These options provide additional control:
- triangulated output. Qhull triangulates non-simplicial facets. It may produce degenerate facets of zero area.
- joggle the input to avoid cospherical and coincident sites. It is less accurate than triangulated output ('Qt').
- randomly rotate the input with a random seed of n. If n=0, the seed is the time. If n=-1, use time for the random seed, but do not rotate the input.
- compute the furthest-site Delaunay triangulation.
- add a point above the paraboloid to reduce precision errors. Use it for nearly cocircular/cospherical input (e.g., 'rbox c | qdelaunay Qz'). The point is printed for options 'Ft' and 'o'.
- select facets adjacent to input site n (marked 'good').
- verify result.
- TI file
- input data from file. The filename may not use spaces or quotes.
- TO file
- output results to file. Use single quotes if the filename contains spaces (e.g., TO 'file with spaces.txt'
- report progress after constructing n facets
- include upper and lower facets in the output. Set k to the last dimension (e.g., 'PD2:1' for 2-d inputs).
- facet dump. Print the data structure for each facet (i.e., Delaunay region).

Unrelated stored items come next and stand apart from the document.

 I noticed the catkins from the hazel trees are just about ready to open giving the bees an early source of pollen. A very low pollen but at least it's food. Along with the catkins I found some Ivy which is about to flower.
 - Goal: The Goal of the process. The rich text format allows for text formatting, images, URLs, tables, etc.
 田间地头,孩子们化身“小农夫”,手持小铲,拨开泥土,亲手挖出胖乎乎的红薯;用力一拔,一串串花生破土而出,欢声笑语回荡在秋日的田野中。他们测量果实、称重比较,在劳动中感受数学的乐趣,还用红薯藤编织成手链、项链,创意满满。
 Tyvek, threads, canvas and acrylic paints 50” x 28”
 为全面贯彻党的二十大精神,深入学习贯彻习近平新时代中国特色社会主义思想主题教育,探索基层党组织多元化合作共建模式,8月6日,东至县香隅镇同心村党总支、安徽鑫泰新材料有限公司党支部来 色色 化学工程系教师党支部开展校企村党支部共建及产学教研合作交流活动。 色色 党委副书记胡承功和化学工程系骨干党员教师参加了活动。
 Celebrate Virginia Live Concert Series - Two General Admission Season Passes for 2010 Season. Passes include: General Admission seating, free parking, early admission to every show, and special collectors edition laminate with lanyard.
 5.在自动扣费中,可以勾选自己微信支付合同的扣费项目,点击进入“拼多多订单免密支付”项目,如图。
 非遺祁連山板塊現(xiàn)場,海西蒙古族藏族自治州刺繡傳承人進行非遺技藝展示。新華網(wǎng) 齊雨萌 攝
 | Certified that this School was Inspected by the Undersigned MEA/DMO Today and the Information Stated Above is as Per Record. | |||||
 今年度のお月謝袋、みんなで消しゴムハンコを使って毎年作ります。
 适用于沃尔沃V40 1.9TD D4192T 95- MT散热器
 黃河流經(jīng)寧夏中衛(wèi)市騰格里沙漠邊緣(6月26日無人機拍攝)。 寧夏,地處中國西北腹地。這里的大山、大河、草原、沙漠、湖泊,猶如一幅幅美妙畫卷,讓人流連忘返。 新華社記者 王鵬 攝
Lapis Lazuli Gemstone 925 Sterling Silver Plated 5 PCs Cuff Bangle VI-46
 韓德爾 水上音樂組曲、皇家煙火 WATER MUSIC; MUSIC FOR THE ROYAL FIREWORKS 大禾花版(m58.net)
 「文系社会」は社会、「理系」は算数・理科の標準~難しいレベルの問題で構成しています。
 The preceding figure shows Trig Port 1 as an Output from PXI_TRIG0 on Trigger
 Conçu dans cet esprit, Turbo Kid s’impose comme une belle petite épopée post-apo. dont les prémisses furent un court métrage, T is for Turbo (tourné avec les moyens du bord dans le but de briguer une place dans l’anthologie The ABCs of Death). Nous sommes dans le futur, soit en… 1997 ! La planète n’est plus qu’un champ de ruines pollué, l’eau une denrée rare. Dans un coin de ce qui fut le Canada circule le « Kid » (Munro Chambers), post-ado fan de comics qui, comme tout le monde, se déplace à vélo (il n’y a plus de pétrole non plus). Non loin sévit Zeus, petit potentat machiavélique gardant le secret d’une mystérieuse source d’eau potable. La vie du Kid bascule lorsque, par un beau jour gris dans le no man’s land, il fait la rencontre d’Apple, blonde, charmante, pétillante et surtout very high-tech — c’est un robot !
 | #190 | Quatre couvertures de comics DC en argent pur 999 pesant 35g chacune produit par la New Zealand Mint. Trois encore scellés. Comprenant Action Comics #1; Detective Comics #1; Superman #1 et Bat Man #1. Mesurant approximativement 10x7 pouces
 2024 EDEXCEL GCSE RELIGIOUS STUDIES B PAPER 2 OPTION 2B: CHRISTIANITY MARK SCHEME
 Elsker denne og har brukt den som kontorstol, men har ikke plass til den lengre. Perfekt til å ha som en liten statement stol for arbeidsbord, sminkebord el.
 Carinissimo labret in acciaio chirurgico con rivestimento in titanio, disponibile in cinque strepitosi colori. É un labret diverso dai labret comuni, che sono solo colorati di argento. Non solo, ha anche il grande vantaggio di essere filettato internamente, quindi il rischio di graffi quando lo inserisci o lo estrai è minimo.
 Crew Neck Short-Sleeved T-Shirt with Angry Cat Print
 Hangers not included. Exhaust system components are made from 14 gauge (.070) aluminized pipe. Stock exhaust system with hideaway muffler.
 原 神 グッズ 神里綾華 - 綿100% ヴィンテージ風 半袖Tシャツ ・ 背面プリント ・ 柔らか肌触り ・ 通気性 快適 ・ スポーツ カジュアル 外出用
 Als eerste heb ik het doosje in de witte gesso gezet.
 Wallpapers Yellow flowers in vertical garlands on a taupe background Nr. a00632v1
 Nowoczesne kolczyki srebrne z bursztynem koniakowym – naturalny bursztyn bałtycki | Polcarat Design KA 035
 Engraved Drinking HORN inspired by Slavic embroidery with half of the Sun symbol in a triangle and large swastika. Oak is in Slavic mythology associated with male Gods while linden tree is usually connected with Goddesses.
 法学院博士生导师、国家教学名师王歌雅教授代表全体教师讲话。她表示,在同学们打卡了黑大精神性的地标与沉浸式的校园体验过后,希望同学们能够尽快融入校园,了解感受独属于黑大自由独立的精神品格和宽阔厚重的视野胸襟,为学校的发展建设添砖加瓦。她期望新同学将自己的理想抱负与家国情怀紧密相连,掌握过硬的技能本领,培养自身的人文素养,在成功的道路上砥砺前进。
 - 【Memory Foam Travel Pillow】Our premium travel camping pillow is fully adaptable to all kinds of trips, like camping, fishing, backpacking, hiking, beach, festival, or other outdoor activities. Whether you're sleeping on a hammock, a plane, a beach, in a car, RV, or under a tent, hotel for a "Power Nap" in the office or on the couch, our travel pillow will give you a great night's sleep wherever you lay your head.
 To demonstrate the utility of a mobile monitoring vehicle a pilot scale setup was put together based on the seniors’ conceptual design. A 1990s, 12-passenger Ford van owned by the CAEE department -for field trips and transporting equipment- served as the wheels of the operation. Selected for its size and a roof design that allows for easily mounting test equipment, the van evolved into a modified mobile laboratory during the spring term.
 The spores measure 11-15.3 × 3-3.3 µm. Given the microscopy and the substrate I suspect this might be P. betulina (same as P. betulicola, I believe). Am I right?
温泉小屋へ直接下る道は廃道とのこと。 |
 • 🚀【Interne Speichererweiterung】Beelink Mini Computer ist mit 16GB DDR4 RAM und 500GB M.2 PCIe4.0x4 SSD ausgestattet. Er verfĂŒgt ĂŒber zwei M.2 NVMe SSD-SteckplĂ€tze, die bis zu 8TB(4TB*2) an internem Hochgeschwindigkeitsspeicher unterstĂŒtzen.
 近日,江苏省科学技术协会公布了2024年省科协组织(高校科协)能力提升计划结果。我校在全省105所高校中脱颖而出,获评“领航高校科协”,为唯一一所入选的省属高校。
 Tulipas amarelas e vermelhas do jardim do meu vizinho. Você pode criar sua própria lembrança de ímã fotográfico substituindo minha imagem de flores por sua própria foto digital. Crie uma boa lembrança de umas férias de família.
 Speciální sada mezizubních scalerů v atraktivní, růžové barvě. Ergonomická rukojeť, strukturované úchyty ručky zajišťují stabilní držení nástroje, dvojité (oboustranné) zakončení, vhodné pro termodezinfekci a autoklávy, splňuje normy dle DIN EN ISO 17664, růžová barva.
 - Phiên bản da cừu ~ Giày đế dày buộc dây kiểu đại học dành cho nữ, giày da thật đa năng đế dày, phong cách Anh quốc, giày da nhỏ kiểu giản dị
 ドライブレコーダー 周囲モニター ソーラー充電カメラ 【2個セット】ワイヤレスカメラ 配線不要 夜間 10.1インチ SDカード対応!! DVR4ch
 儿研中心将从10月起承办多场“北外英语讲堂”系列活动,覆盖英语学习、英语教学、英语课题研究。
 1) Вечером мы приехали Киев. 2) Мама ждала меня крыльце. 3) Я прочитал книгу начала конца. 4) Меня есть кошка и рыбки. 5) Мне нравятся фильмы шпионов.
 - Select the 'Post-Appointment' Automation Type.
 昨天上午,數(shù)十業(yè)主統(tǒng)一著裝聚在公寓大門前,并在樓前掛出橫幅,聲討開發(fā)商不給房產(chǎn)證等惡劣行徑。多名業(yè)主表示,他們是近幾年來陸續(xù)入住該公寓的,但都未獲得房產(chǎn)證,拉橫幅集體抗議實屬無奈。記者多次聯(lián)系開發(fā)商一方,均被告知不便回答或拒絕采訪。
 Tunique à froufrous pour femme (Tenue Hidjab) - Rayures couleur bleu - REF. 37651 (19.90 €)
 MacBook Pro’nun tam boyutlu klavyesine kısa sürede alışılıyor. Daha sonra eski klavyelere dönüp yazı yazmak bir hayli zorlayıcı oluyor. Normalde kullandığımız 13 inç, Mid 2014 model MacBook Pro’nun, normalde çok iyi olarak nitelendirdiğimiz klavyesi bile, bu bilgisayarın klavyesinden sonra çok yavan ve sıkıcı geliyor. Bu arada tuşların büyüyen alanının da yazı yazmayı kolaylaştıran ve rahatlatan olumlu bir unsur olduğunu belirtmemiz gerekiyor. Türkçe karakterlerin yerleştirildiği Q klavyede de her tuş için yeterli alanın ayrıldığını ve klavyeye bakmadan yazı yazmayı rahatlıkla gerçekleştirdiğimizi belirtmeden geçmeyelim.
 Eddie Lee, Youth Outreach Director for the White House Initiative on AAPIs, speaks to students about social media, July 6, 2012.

For 2-d and 3-d Delaunay triangulations, Geomview ('qdelaunay G') displays the corresponding convex hull (a paraboloid).
To view a 2-d Delaunay triangulation, use 'qdelaunay GrD2' to drop the last dimension and view ridges. This is the same as viewing the hull without perspective (see Geomview's 'cameras' menu).
To view a 3-d Delaunay triangulation, use 'qdelaunay GrD3' to drop the last dimension and view ridges. You may see extra edges. These are interior edges that Geomview moves towards the viewer (see 'lines closer' in Geomview's camera options). Use option 'Gt' to make the outer ridges transparent in 3-d. See Delaunay and Voronoi examples.
For 2-d Delaunay triangulations, Mathematica ('m') and Maple ('FM') output displays the lower facets of the corresponding convex hull (a paraboloid).
For 2-d, furthest-site Delaunay triangulations, Maple and Mathematica output ('Qu m') displays the upper facets of the corresponding convex hull (a paraboloid).
You can simplify the Delaunay triangulation by enclosing the input sites in a large square or cube. This is particularly recommended for cocircular or cospherical input data.
A non-simplicial Delaunay region indicates nearly cocircular or cospherical input sites. To avoid non-simplicial regions either triangulate the output ('Qt') or joggle the input ('QJ'). Triangulated output is more accurate than joggled input. Alternatively, use an exact arithmetic code.
Delaunay triangulations do not include facets that are coplanar with the convex hull of the input sites. A facet is coplanar if the last coefficient of its normal is nearly zero (see qh_ZEROdelaunay).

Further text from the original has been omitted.